On an aside, I'd ditch them anyways as if their business sense is as bad as their sense of car choice, they have a serious problem.


----------



## Domo (19 May 2009)

I would gently point out that this issue could possibly be raised in a Revenue enquiry into personal tax returns, as Revenue could look at how people pay their bills etc., and encourage them to tell you how they manage their budget.  I assume you also prepare their personal tax returns, and this question could be raised at that point.

It could of course be very possibe that this person has a rich partner or benefactor (of any kind), and all you can then do is note this for your files.


----------



## Bronte (20 May 2009)

DBRAN said:


> I would ask the client how he is able to fund his lifestyle as it seems to be unsupported by the known income.
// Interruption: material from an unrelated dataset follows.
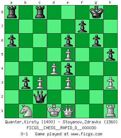 Last move : 0-1 2009 December 8 20:41:25 [Event "FICGS__CHESS__RAPID_D__000030"] [Site "FICGS"] [Date "2009.11.24"] [Round "1"] [White "Quanter,Kirsty"] [Black "Stoyanov,Zdravko"] [Result "0-1"] [WhiteElo "1400"] [BlackElo "1360"] 1.Nf3 d5 2.g3 e6 3.Bh3 Nc6 4.d4 h6 5.c3 Bd6 6.b4 a6 7.a4 Bd7 8.a5 b6 9.axb6 cxb6 10.Bf4 Bxf4 11.gxf4 Nf6 12.Ne5 Nh5 13.b5 Nxe5 14.fxe5 Bxb5 15.Bg4 Nf4 16.e3 Nd3+ 17.Kd2 Nxf2 18.Qg1 Nxh1 19.Qxh1 O-O 20.Ke1 Qg5 21.Qf3 Bd3 22.Kd2 Be4 23.Qe2 b5 24.Na3 Rfc8 25.Rc1 g6 26.h3 h5 27.Bf3 Qg3 28.Bxe4 dxe4 29.Rh1 Qf3 30.Qe1 Qg2+ 31.Kc1 b4 32.Nb1 b3 33.Kd1 Qc2+ 0-1 Reti : King's Indian attack (Barcza system) Kingside Castling by player Black (move 19) Player Black won this chess game. Follow this game move after move (download)The hardest game to win is a won game. (Emanuel Lasker) In Buenos Aires ist es nicht mein vorrangiges Ziel ein starkes Turnier zu organisieren, sondern ein Turnier für Gentlemen. Ich würde nie Kamsky einladen. Ich mag keine Probleme. (Miguel Najdorf) Cada Peón es potencialmente una Reina. (James Mason) Comme les marins qui ont mille raisons différentes d'aller en mer, les joueurs d'échecs en ont tout autant avant de s'installer devant une table et jouer... (Vincent Bertignac, philosophe) Wisdom is the reward you get for a lifetime of listening when you'd have preferred to talk. (Doug Larson)
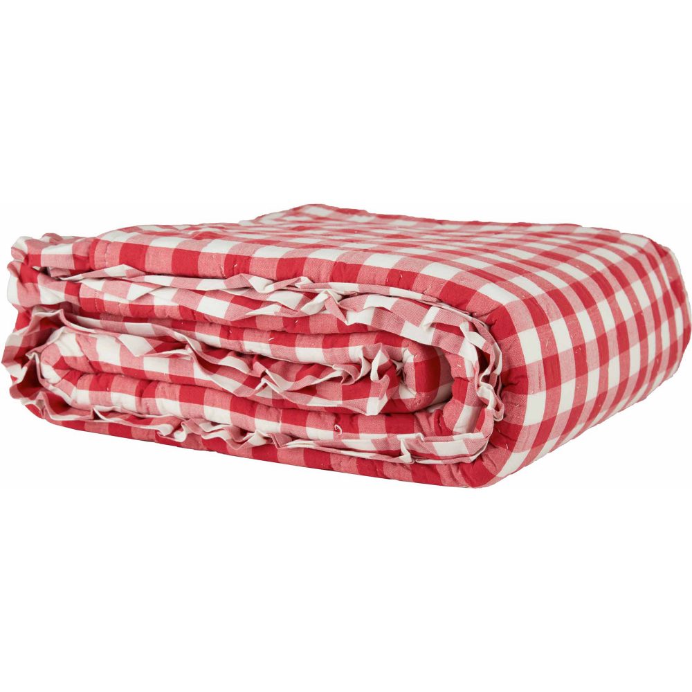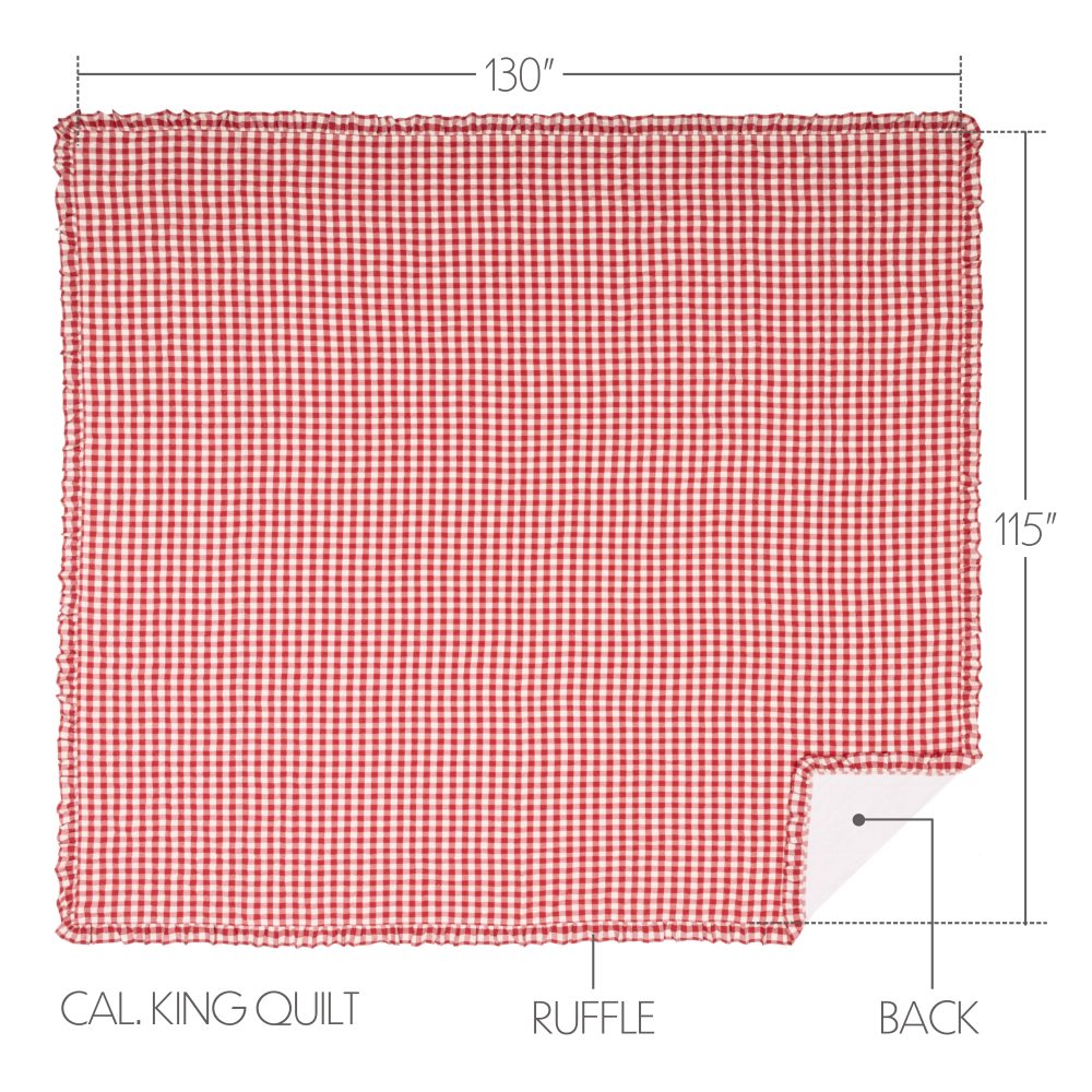 Feel right at home in cozy, country comfort with the Annie Buffalo Red Check Ruffled California King Quilt Coverlet. Patterned with red and antique white buffalo checks and trimmed with gathered ruffles, our 130Wx115L quilt is created using exquisite cotton and quality diamond stitching. This elegant farmhouse quilt brings lighthearted, sophistication to your bedroom decor and reverses to a soft white. Our quilt is prewashed for your convenience, and both machine washable and iron-safe.

See what he says before you jump to conclusions.


  Goodness I didn't think an accountant could ask someone this based on the car they drive.  How much is this car worth?


----------



## Graham_07 (20 May 2009)

Bronte said:


> Goodness I didn't think an accountant could ask someone this based on the car they drive. How much is this car worth?


 
There may indeed be innocent explanations for this but a BMW 6 series starts new at almost 100K so if the person had ow declared income then it might not be considered inappropriate to enquire. Of course they could have won the lotto or been lucky at the gee gees but since Revenue register car numbers it is not not beyond the bounds of possibility that they would check self-assessed taxpayers incomes to expensive new car registrations to see if there is any anomaly.


----------



## onq (23 May 2009)

Jim Davis said:


> Turns out a client is driving a 2006 BMW 635 despite only declaring an average PAYE income on their tax return, as director of their company. They're also cribbing about CT bill.
> 
> Any advice on what to do? (hypothetical situation of course)



He is driving it, you say.

But does he own it?


----------



## Padraigb (23 May 2009)

onq said:


> He is driving it, you say.
> 
> But does he own it?



It is not right to look away from something that might be questionable (on a micro-scale, that is the sort of thing that has gone wrong with our banks).


----------



## Complainer (23 May 2009)

onq said:


> But does he own it?


Do you know of many people who loan BMW 635's, other than as a tax scam?


----------



## xeresod (23 May 2009)

Looking at carzone.ie, a 2006 6-series can be bought for around 45k (less if you haggle right!). 

This would be only about 900 pm on a 5 year motorloan. Depending on his other outgoings, this could be easily afforded on an average PAYE salary.


----------



## ajapale (23 May 2009)

Jim Davis said:


> Turns out a client ....



Jim Davis,

What goods/service to you provide to your client?

Clearly if you are an accountant, tax advisor, financial advisor, solicitor etc your response is also governed by regulations of your profession.

If your business is selling cars then I'm not sure what regulations pertain.
aj
moderator


----------



## onq (26 May 2009)

Complainer said:


> Do you know of many people who loan BMW 635's, other than as a tax scam?



I think you can hire them.

Perhaps he's trying to impress a girl.

M.


----------



## onq (26 May 2009)

Padraigb said:


> It is not right to look away from something that might be questionable (on a micro-scale, that is the sort of thing that has gone wrong with our banks).



I'm not looking away I'm looking at!

LOL!

I'm making the obvious point that because someone is driving a car doesn't mean he owns it.

<shakes head>


----------